Clyde H. Wilson, State Attorney, of the Twelfth Judicial Circuit, under oath information makes that M.A. Rosin, late of the County of DeSoto and State of Florida, on the 4th day of May in the year of our Lord one thousand nine hundred and forty four in the County and State aforesaid, did unlawfuly receive money under the pretense of the same being used to procure the votes of persons unknown to the State Attorney for Ed Albritton in that certain primary election held in said county on the 23rd day of May, A.D. 1944, the said Ed Albritton being then and there a candidate for office in the aforesaid primary election, contrary to the statute in such case made and provided and against the peace and dignity of the State of Florida."
The information and each count thereof entirely fails to charge any offense against the accused. See Colson v. State, 70 Fla. 267, 71 So. 277; also see State v. Meysenberg, 171 Mo. 1, 71 S.W. Rep. 229, and 1 Archb. Crim. Prac. Pleading, page 275, Sec. 88, wherein it is said:
"It has already been mentioned that the indictment must state all the facts and circumstances comprised in the definition of the offense, by the rule of the common law or statute on which the indictment is founded. And these must be stated with clearness and certainty, otherwise the indictment will be had.

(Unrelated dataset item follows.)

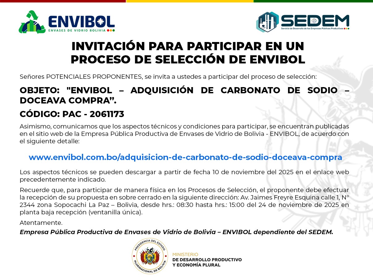 ENVIBOL – ADQUISICIÓN DE CARBONATO DE SODIO – DOCEAVA COMPRA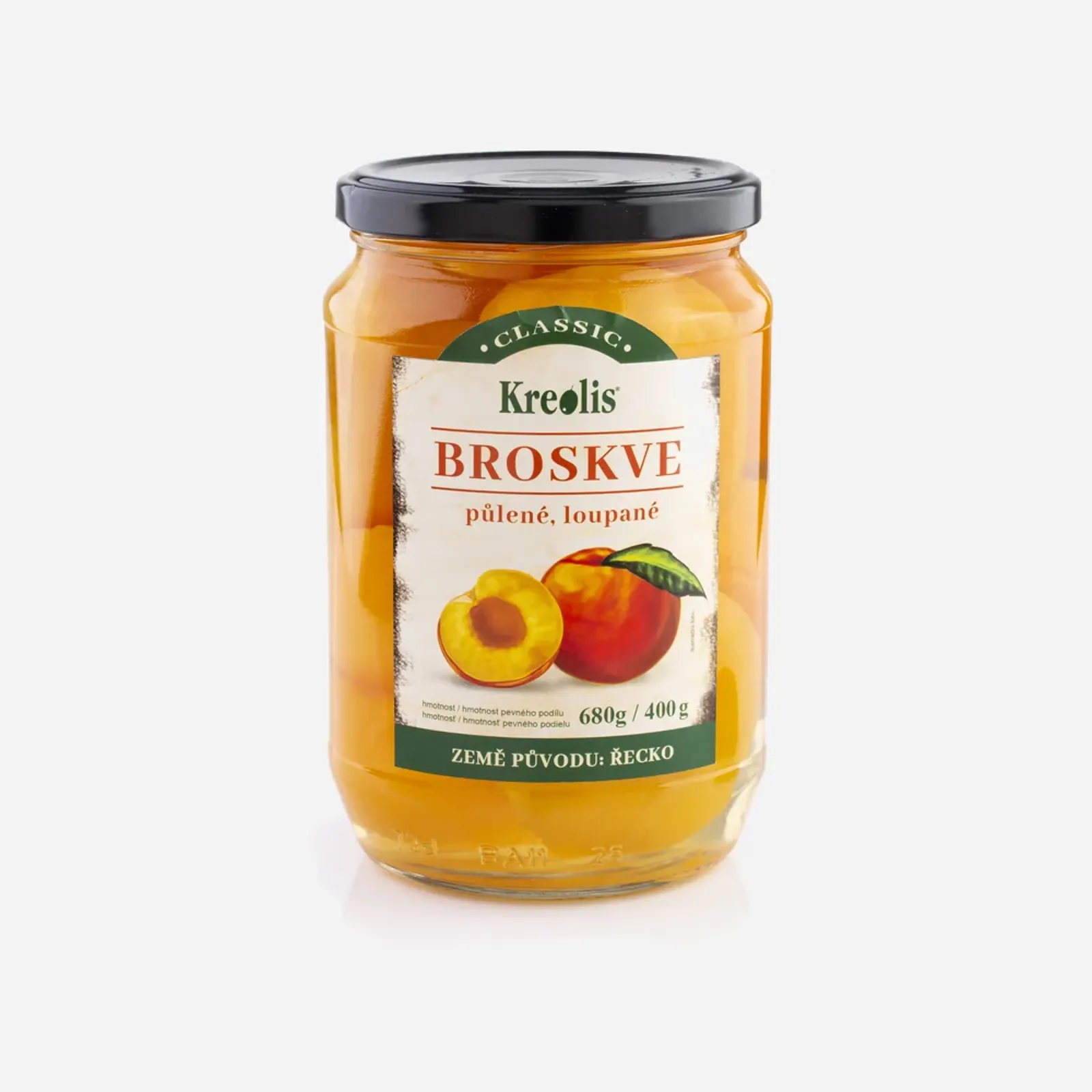 Broskyňový kompót vynikajúcej kvality. Ovocie Kreolis sa vo všeobecnosti vyznačuje nízkym obsahom cukru a najvyššou kvalitou spracovaného ovocia.

"The principal rule, as to the certainty required in an indictment may, I think, be correctly laid down thus: that where the definition of an offense whether by a rule of the common law or by statute, includes generic terms (as it necessarily must) it is not sufficient that the indictment should charge the offense in the same generic terms as in the definition, but it must state the species — it must descend to particulars."
The information entirely fails to advise the accused as to what charge he is required to defend against.
Therefore, the petitioner is discharged.
So ordered.
CHAPMAN, C. J., TERRELL and ADAMS, JJ., concur.